Year(s) after installation of the asset Proportion of relocation costs to be paid by the municipality 1 100% 2 100% 3 100% 4 90% 5 80% 6 70% 7 65% 8 60% 9 55% 10 45% 11 40% 12 35% 13 30% 14 20% 15 10% 16 5% 17 onwards 0%
If notice of relocation is given after the end of the 16th year since the equipment in question was installed, the carrier shall be solely responsible for all equipment relocation costs.
Reimbursement for bypass costs
Positions of parties
- Section 7.4 of the proposed MAA stipulates the following:
Bypass costs. When the municipality can avoid relocating the carrier’s equipment during municipal work but must bypass the carrier’s equipment, the carrier must reimburse the municipality for the bypass costs, up to the amount of relocation costs that it would have had to reimburse in accordance with section 7.3.Footnote 10
- Gatineau argued that this clause is part of its right to recover costs directly related to the presence of the Carriers’ telecommunications equipment on municipal ROWs.
- The Carriers opposed the inclusion of this provision. In their view, it goes against the right that the Act affords them to access, occupy, and maintain their equipment on municipal ROWs. Specifically, they indicated that subsection 43(2) of the Act grants them the right to enter on and break up any highway or other public place for the purpose of constructing, maintaining, or operating their transmission lines, as well as to undertake work, including digging, and to remain there for as long as is necessary for that purpose. The only limitation is that a carrier must not unduly interfere with the public use and enjoyment of the highway or public place.
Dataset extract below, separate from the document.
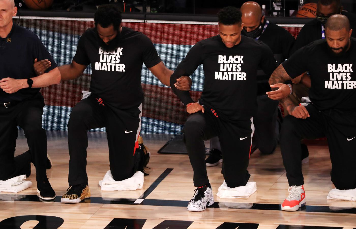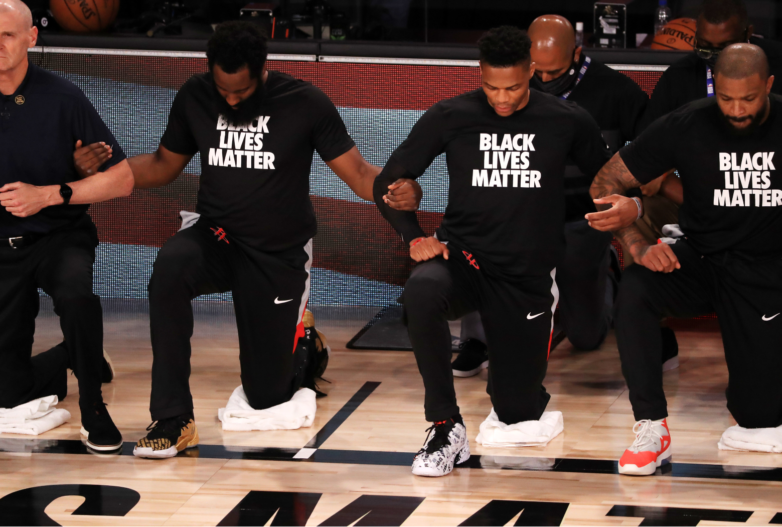 Ten pandemiczny finisz sezonu jest inny jeszcze w kilku aspektach poza brakiem widowni. Po pierwsze, w roku eksplozji ruchu żądającego równych praw dla czarnych obywateli ogromna większość zawodników w tym miejscu na koszulkach, gdzie zwykle noszą nazwisko, ma jeden z ok. 30 wspólnie ustalonych napisów. Na boisku grają więc: „Black Lives Matter”, „Equality”, „Peace”, „Justice”, „Vote”, „Freedom”, „Enough”, „Education Reform”, „Say Their Names”, „I Am a Man”, „I Can’t Breathe”, „Power to the People” i inni.

- According to the Carriers, this right is not subject to municipal consent; it is dominant and restricts the property rights of municipalities on highways and other public places. The Carriers argued that municipalities should not be reimbursed for costs they incur because of the presence of telecommunications facilities on municipal ROWs. Moreover, municipalities are already indirectly reimbursed for these costs due to the benefits derived from the presence of those facilities.
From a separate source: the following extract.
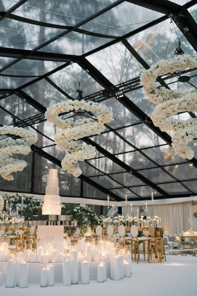 Glass-roof venues blur indoor and outdoor boundaries, letting floral installations and candlelight feel dramatic while maintaining weather protection.

- Gatineau indicated that even if the Carriers recognize that they must assume their fair share of responsibility for relocation costs, they refuse to accept their fair share of responsibility for the costs of bypassing their equipment if this could be an alternate solution to relocation.
- Gatineau referred to past Commission decisions and argued that the presence of the Carriers’ telecommunications equipment on municipal ROWs should not cost the City anything, and that if the City incurs additional costs stemming from the need to bypass the equipment during legitimate municipal work, it has the right to recover the costs as causal costs. It also noted that section 7.4 of the proposed MAA limits additional costs that could be incurred by the Carriers to the relocation costs they should incur on the basis of a 10-year sliding scale.
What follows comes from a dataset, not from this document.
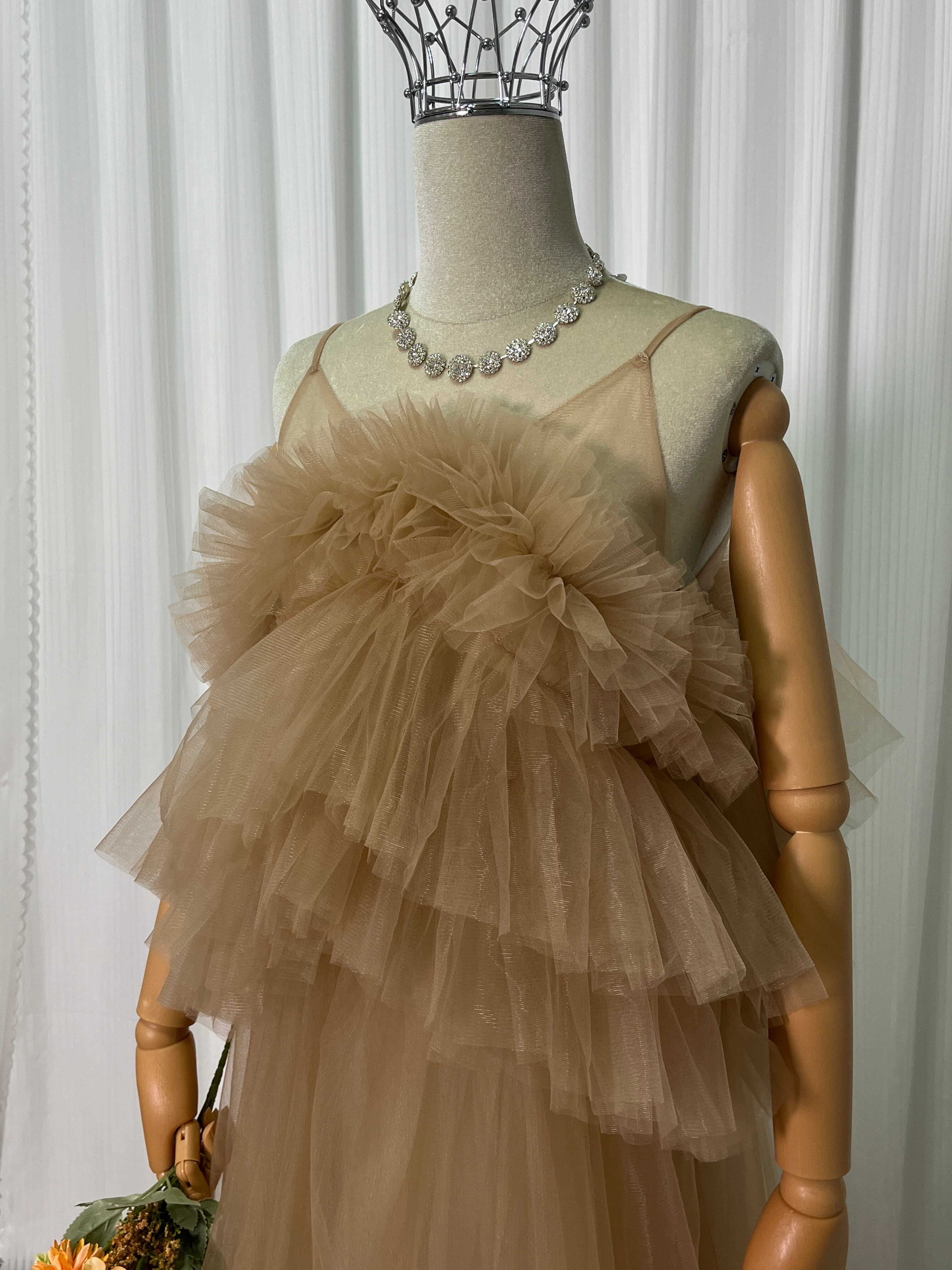 高品質! ドレス マタニティ 写真撮影 カーキ色 シースルー ワンピース ソフトチュール オーダーメイド

Commission’s analysis and determinations
- In accordance with subsection 43(2) of the Act, municipalities are required to deal with the presence of telecommunications equipment on municipal ROWs, which afford many benefits to local residents and businesses, as well as to the municipal government itself.
- This mutually beneficial cohabitation requires that when a municipal project comes into conflict with the legitimate location of telecommunications equipment, alternate solutions to carriers’ obligation to relocate their equipment should always be considered. Consequently, the requirement to relocate equipment, which often results in substantial costs for the carrier, should be imposed only in rare cases.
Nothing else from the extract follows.